* **Required work**
All of the listing should be returned as written, apart from any picture in it.

* **Exercise inputs**
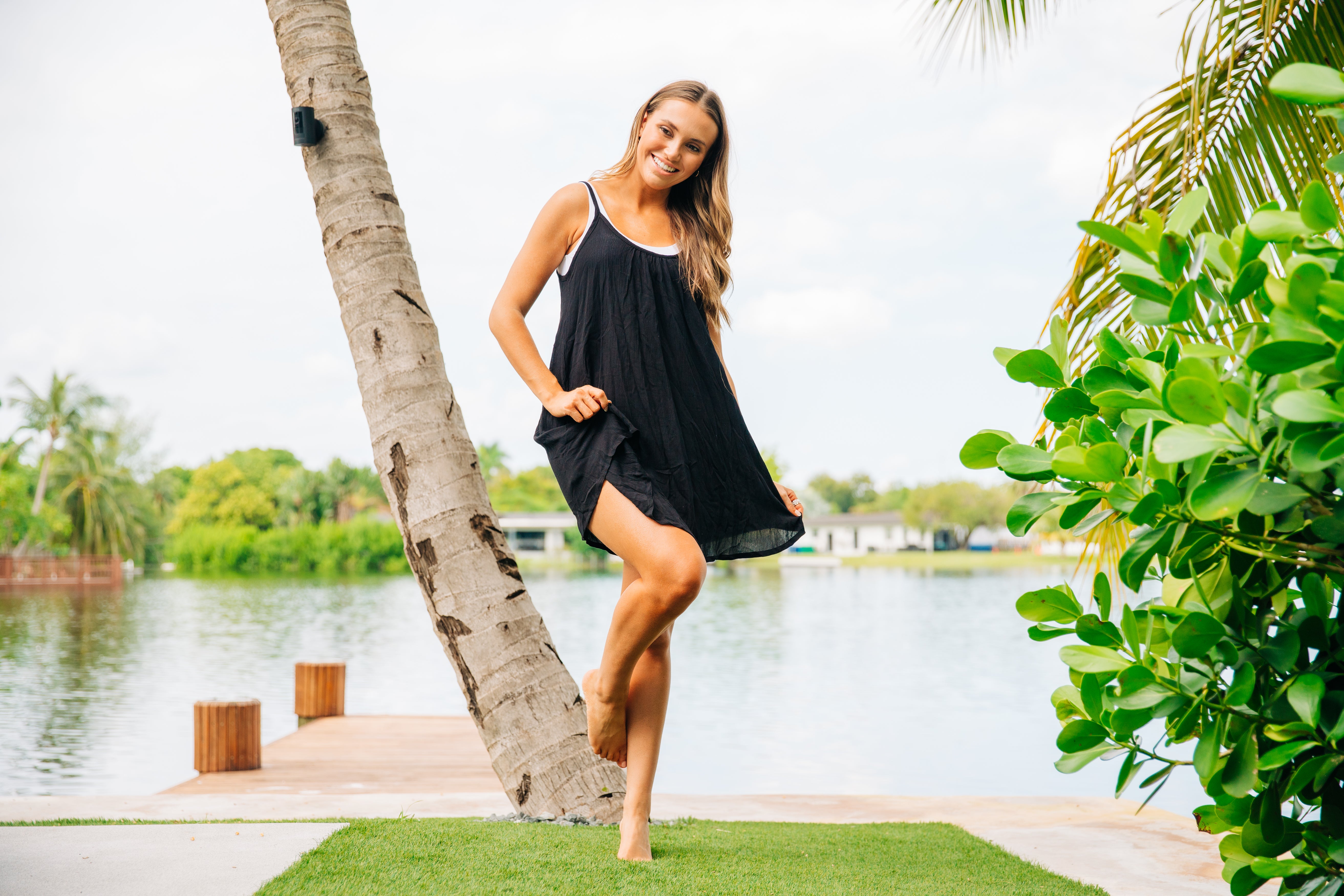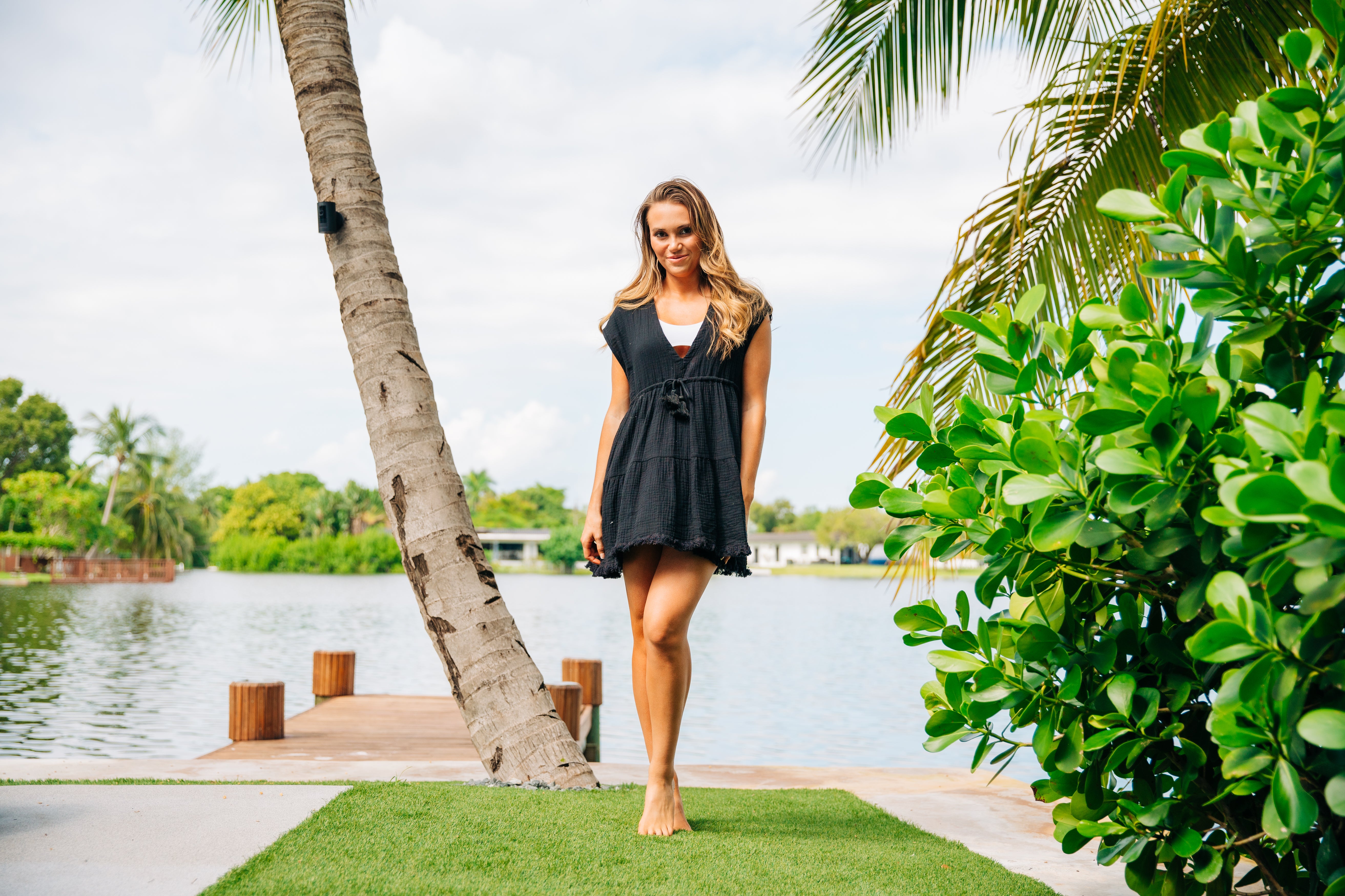 V Front Tiered Dress - Black
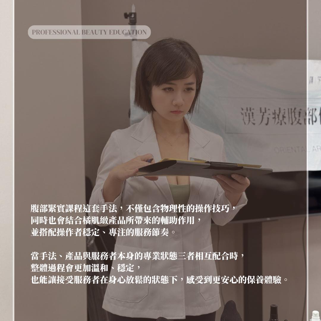 腹部緊實課程這套手法,不僅包含物理性的操作技巧,同時也會結合橘肌緻產品所帶來的輔助作用,並搭配操作者穩定、專注的服務節奏。
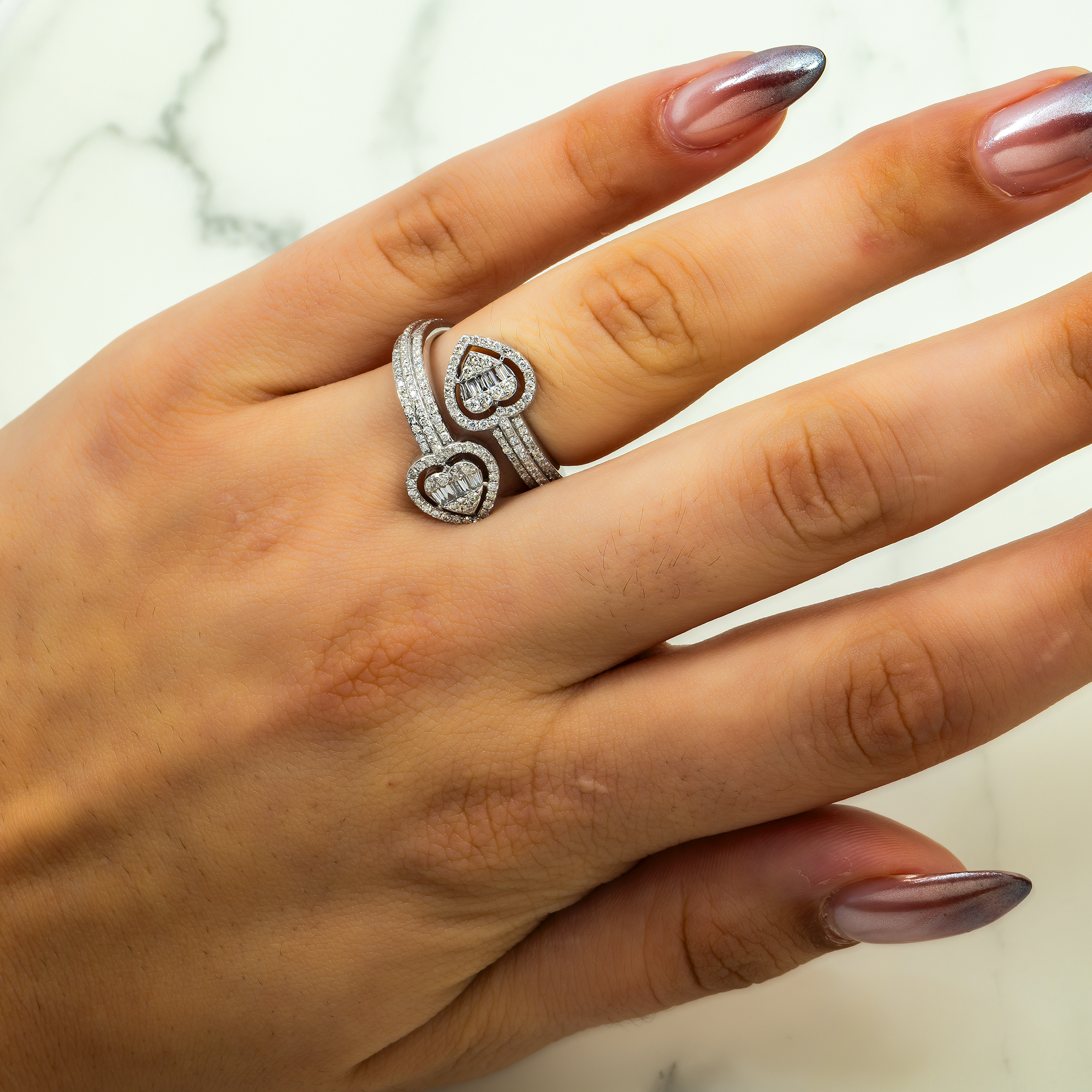 10K GOLD ROUND AND BAGUETTE DIAMOND HEART BYPASS RING 1.00 CT
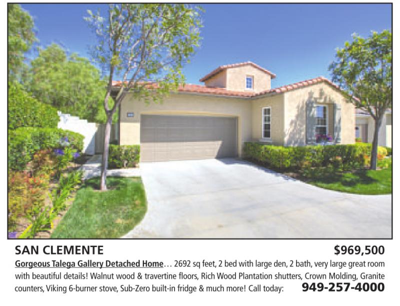 SAN CLEMENTE $969,500 Gorgeous Talega Gallery Detached Home…2692 sq feet, 2bed with large den, 2bath, very large great room with beautiful details! Walnut wood &travertine floors,Rich Wood Plantation shutters,Crown Molding, Granite counters,Viking 6-burner stove,Sub-Zero built-in fridge &much more! Call today: 949-257-4000
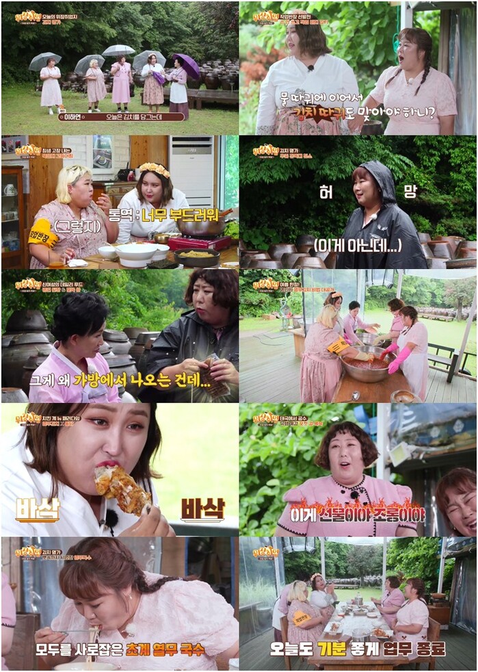 이후 4인방은 한식 명인이 대접해준 묵은지 지짐과 묵은지 고등어찜 등을 맛보며 무아지경 먹방에 빠졌다. 든든히 배를 채운 이들은 새참 값을 하기 위해 곧장 장독대 청소를 시작했다. 하지만 신기루는 장독대 사이사이가 협소하다는 것을 확인하고는 “못 들어갈 것 같다”며 엄살을 부렸다. 이에 ‘맏언니’ 김민경은 국대급 유연성을 뽐내며 재빠르게 청소해 모두를 감탄케 했다. 풍자는 “너무 날씬한 죄~”라며 김민경의 몸매를 부러워했다.
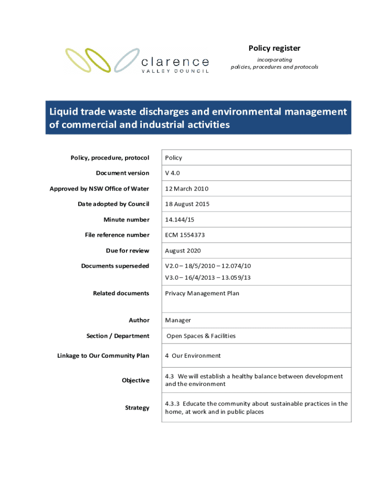 Policy register incorporating policies, procedures and protocolsLiquid trade waste discharges and environmental management of commercial and industrial activities Policy, procedure, protocol Document
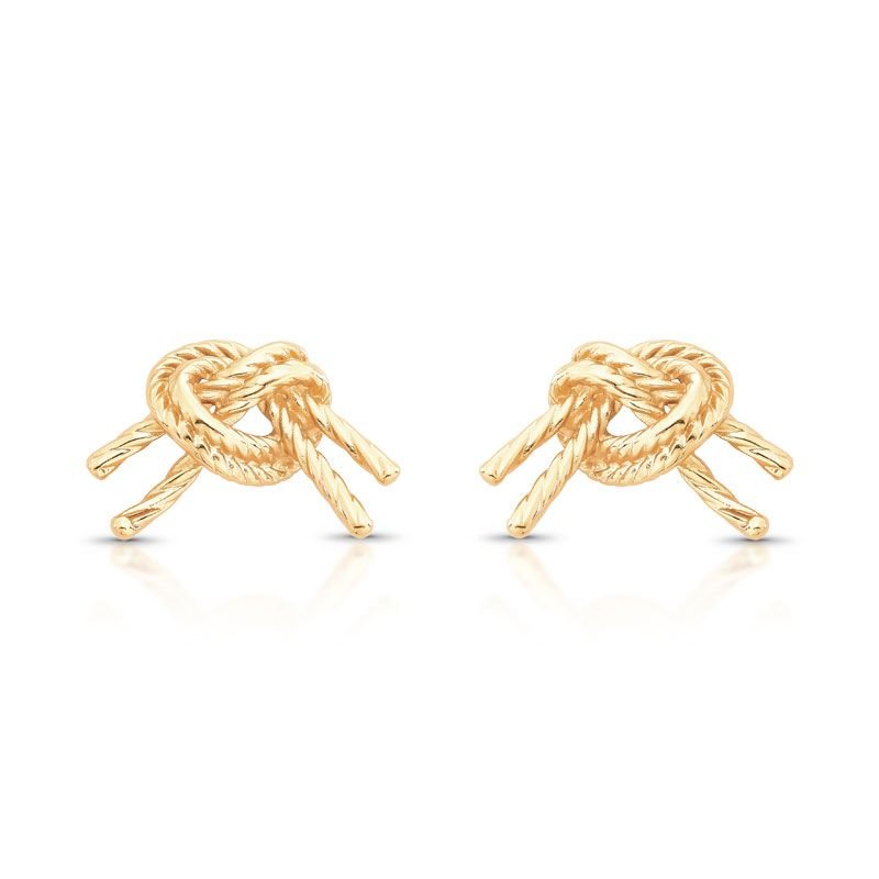 BRINCO NÓ LISO COM TEXTURAS EM LINHAS EM AÇO BANHADO EM OURO 18K

* **Answer section**
 V Front Tiered Dress - Black
 腹部緊實課程這套手法,不僅包含物理性的操作技巧,同時也會結合橘肌緻產品所帶來的輔助作用,並搭配操作者穩定、專注的服務節奏。
 10K GOLD ROUND AND BAGUETTE DIAMOND HEART BYPASS RING 1.00 CT
 SAN CLEMENTE $969,500 Gorgeous Talega Gallery Detached Home…2692 sq feet, 2bed with large den, 2bath, very large great room with beautiful details! Walnut wood &travertine floors,Rich Wood Plantation shutters,Crown Molding, Granite counters,Viking 6-burner stove,Sub-Zero built-in fridge &much more! Call today: 949-257-4000
 이후 4인방은 한식 명인이 대접해준 묵은지 지짐과 묵은지 고등어찜 등을 맛보며 무아지경 먹방에 빠졌다. 든든히 배를 채운 이들은 새참 값을 하기 위해 곧장 장독대 청소를 시작했다. 하지만 신기루는 장독대 사이사이가 협소하다는 것을 확인하고는 “못 들어갈 것 같다”며 엄살을 부렸다. 이에 ‘맏언니’ 김민경은 국대급 유연성을 뽐내며 재빠르게 청소해 모두를 감탄케 했다. 풍자는 “너무 날씬한 죄~”라며 김민경의 몸매를 부러워했다.
 Policy register incorporating policies, procedures and protocolsLiquid trade waste discharges and environmental management of commercial and industrial activities Policy, procedure, protocol Document
 BRINCO NÓ LISO COM TEXTURAS EM LINHAS EM AÇO BANHADO EM OURO 18K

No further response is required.